Optional is used to mark the item as optional. Optional items can appear or not in the corresponding position of the source code.
Description: contains a description of the item.
Childs: enumerates the child items, if any.
GetText: Method used to obtain the source code portion that generates the item.
UpdateRule: is an internal method used during the construction of an object when the rules are read from a text file. If a rule is not already defined but is parte of the current rule which is built, a special class, TempRule, is used instead. When the process of the text file ends, the RuleTable object uses this method to update those rules with the true version of the rule.

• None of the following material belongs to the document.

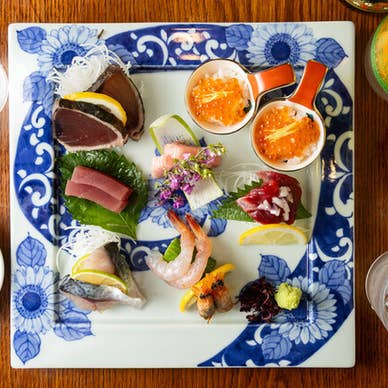 ご接待や記念日には、極上素材を楽しめるこちらのコースがおすすめ。アワビや本マグロのトロなどを盛り込んだ「特上お刺身盛り合わせ」や、希少部位の「黒毛和牛の炭火焼」、香ばしさを纏った「沖ノ島鰹の藁焼き」など、『いいものを少しずつ』をコンセプトにホテルの料理長などを歴任した料理人が自信をもってお届けするコースです。150分のプレミアム飲み放題が付いているので、幹事様も安心♪

ChangeRule: used to change one rule for another in the current item.
DeleteRule: eliminates the use of a rule in the current item, but doesn't delete the rule from the rule table.
Matches: used to test if the item matches in the current source code position. The class Parser controls the source code position and provides testing for tokens and character sets.
Build: builds the current item and makes the Parser advance in the source code or raise an exception if no match is found.
As all item types can create objects, there is also an interface defined for this task. ICompilableObjectGenartor, in the BNFUP.Interfaces namespace:
public delegate void ObjectCreatedHandler(ICompilableObjectGenerator item);
public interface ICompilableObjectGenerator
{
event ObjectCreatedHandler OnCreateObject;
event ObjectCreatedHandler OnCompleteObject;
event ObjectCreatedHandler OnDiscardObject;
string CompilableType { get; set; }
ICompilableObjectFactory Factory { get; set; }
ICompilableObject Object { get; }
void UpdateObject(ICompilableObject obj);
}
There are three compilation events to inform the RuleTable when an object is created (when the item starts their build process), completed (when the item ends parsing the code) or discarded (if the item is optional and doesn't match with the source code).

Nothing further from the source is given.